Тут Скворцов обратил ко мне свое потемневшее лицо и жестко спросил:

— Юрий Васильевич, как такое могло получиться? В чем дело?

А я со своей стороны в тон Абрамову:

— У меня, Рудольф Александрович, создалось впечатление, что в нашей области совсем нет порядка. Вы представьте себе: первый секретарь в отпуске, вместо него второй — по сути он главное лицо в области! И вот это главное лицо дает распоряжение своему подчиненному Осипову выделить для писателя Федора Абрамова автомашину, с тем, чтоб он смог поездить по колхозам, познакомиться с состоянием дел, которые его интересуют, — такова его профессия! А Осипов машины не дает, то есть отказывается выполнить распоряжение ему только что отданное. Это порядок?

— Такого не может быть, — жестко сказал Скворцов.

— Осипов потребовал, чтоб я, Красавин, платил за машину из собственного кармана. У меня такой возможности нет! А гости не на рыбалку приехали…

Моя речь, как я потом догадался, поразила Скворцова. Не тем, что я сообщил, нет: просто он считал меня «своим» человеком, стоящим на страже наших, областных интересов, а раз так, то он имел право рассчитывать на мою поддержку. Ведь и то принять во внимание: мы с ним так хорошо, доверительно побеседовали в прошлый раз. И вот я… Как это понимать? Я его предал! Именно так следовало квалифицировать мое поведение: предательство по отношению к нему, Скворцову. Я не только не помог ему, секретарю обкома, но еще более усугубил то щекотливое положение, в которое он попал.

— Может быть, вы слышали, — продолжал Абрамов, — что скоро состоится съезд Союза писателей, где будут решаться важные, на мой взгляд, государственные вопросы… Ведь вы же, руководители области, заинтересованы в том, чтоб Новгородчина освещалась прессой достаточно широко и объективно… Объясните мне, в чем тут секрет: почему так неприветливы к писателям в области?
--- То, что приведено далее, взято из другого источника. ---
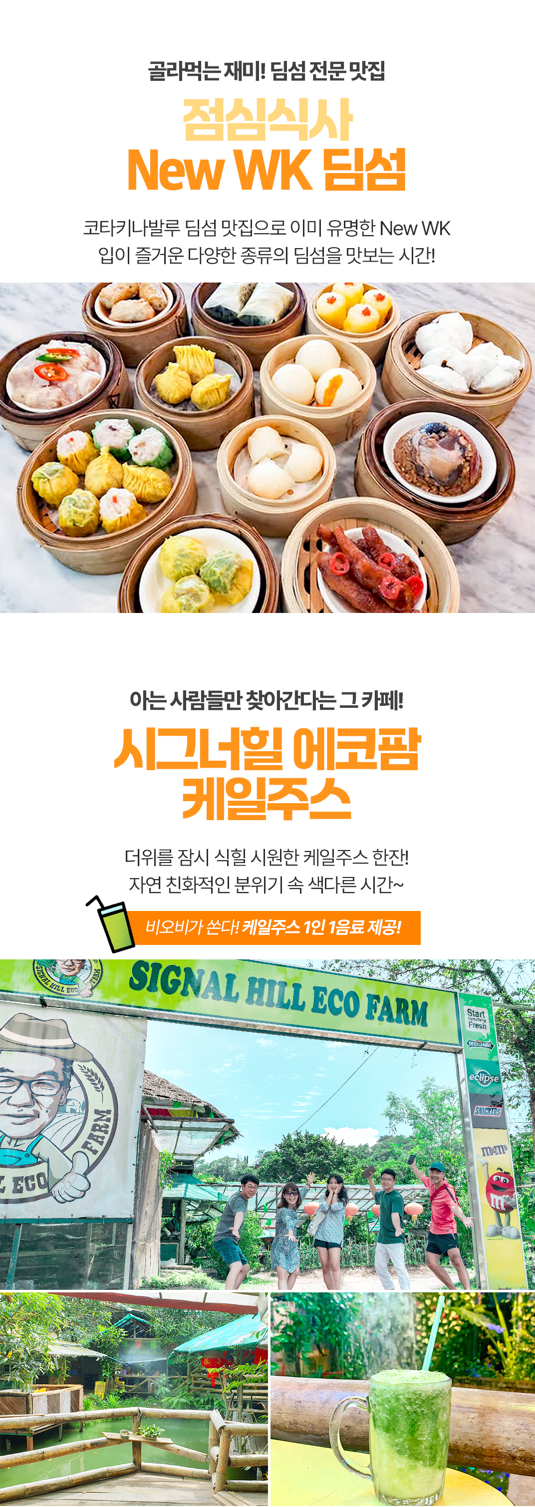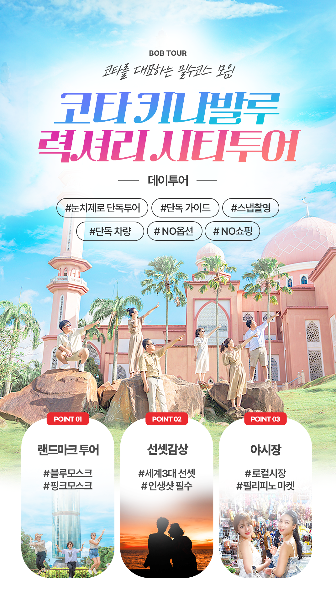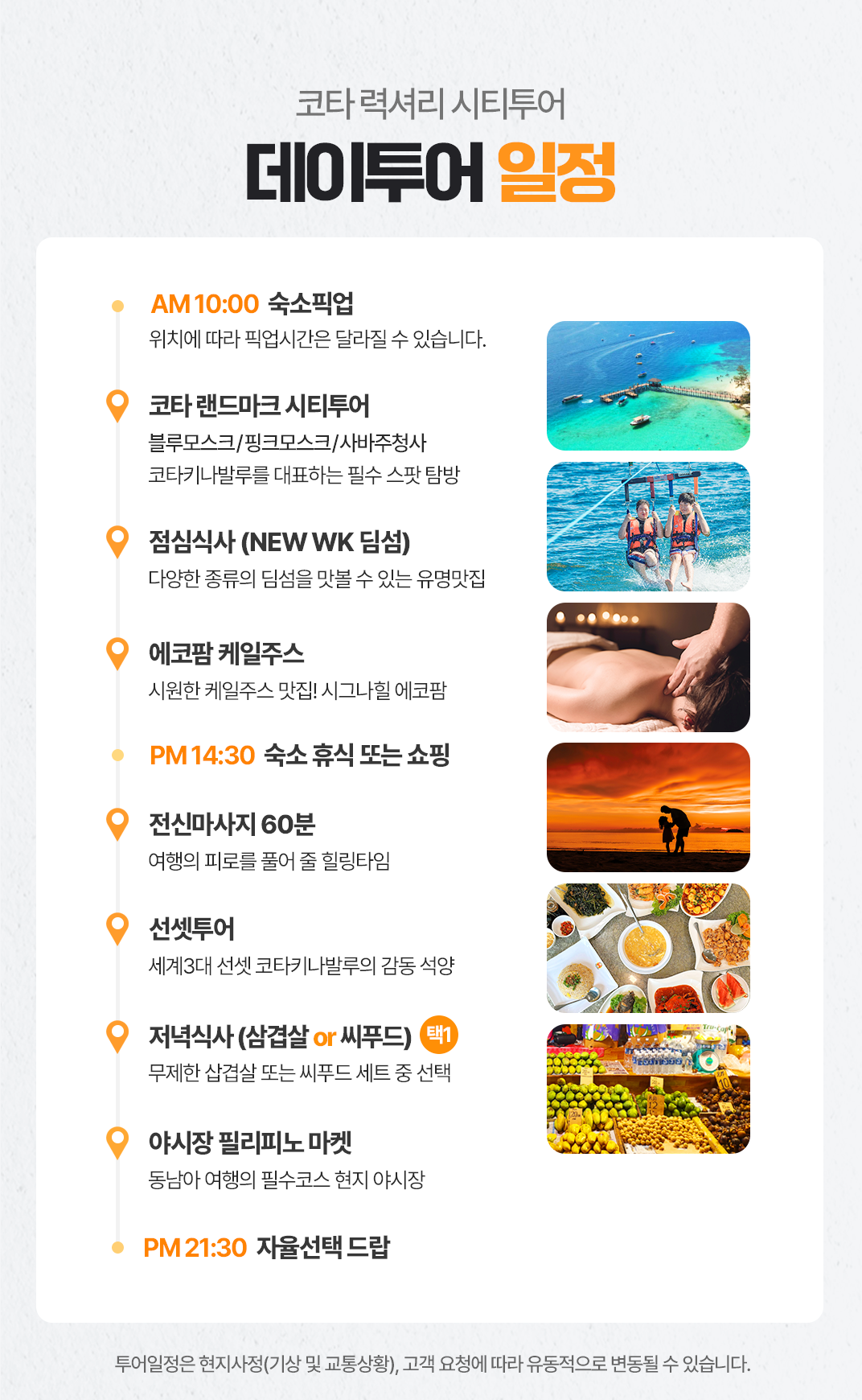 픽업(10:00) → 코타 랜드마크 시티투어+점심식사 + 에코팜 케일주스 →숙소 휴식 또는 쇼핑(14:30) → 전신마사지 60분 →선셋투어+저녁식사 → 야시장 필리피노 마켓 → 자율선택 드랍(21:30)
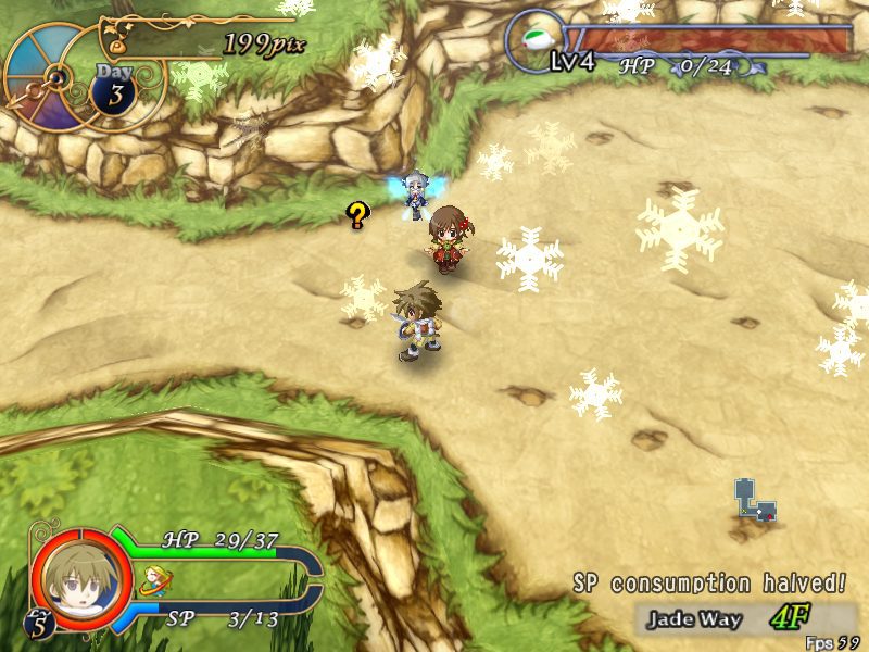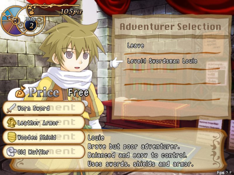 The other half of the game consists of hiring adventurers to go dungeon running. The developers took the action approach to vary the gameplay. When selling becomes dull, it may have been a great diversion. These action portions are much like a much simpler (and not nearly as much fun) version of the modern Ys games, except the dungeons are randomized and the controls aren’t nearly as versatile.This part can be fun at times (what’s better than some Ys, right?) but it is very difficult in the early stages of the game, because your adventurer’s starting equipment is essentially garbage. (At least a patch, released shortly after publications, fixed some of these issues.) For him to be able to defend and attack well he of course needs to have the right equipment. However, equipping the hero is not as simple as it seems. The only way to directly equip your character with the weapons, armor, and accessories they desperately need is to give it to them temporarily at the beginning of a dungeon run. The problem is that you have a limited number of inventory slots to bring back treasure, armor, and items to use with weapon crafting. For every piece of armor/weapon/accessory you replace from the adventurer’s default equipment, you take up one of these precious item slots. If you want these characters to use the good equipment by default, you have to wait for them to buy each item RANDOMLY from your store where someone may buy it first forcing you to turn down potential sales and experience for something that may happen eventually. Furthermore, you need to use these item slots to bring health items that you WILL need due to the difficulty.

— У нас более, чем достаточно, всякого транспорта! — сказал Скворцов с негодованием. — И номер в гостинице нашелся бы. Мне странно слышать… Я обещаю вам разобраться.

Тут меня за язык опять потянуло:

— Я ведь тоже при регалиях, Рудольф Александрович, только на другом уровне, малость пониже, но все-таки: депутат областного Совета, руководитель областной писательской организации, в президиумах то и дело сижу… А вот поехал на прошлой неделе в Валдай, целый день болтался там в горкоме партии, в райисполкоме, в райсельхозуправлении — машину клянчил. И что? А ничего. Так и не дали. Происшедшее с нашими гостями — это не частный случай, а общий стиль, принятый у нас в области.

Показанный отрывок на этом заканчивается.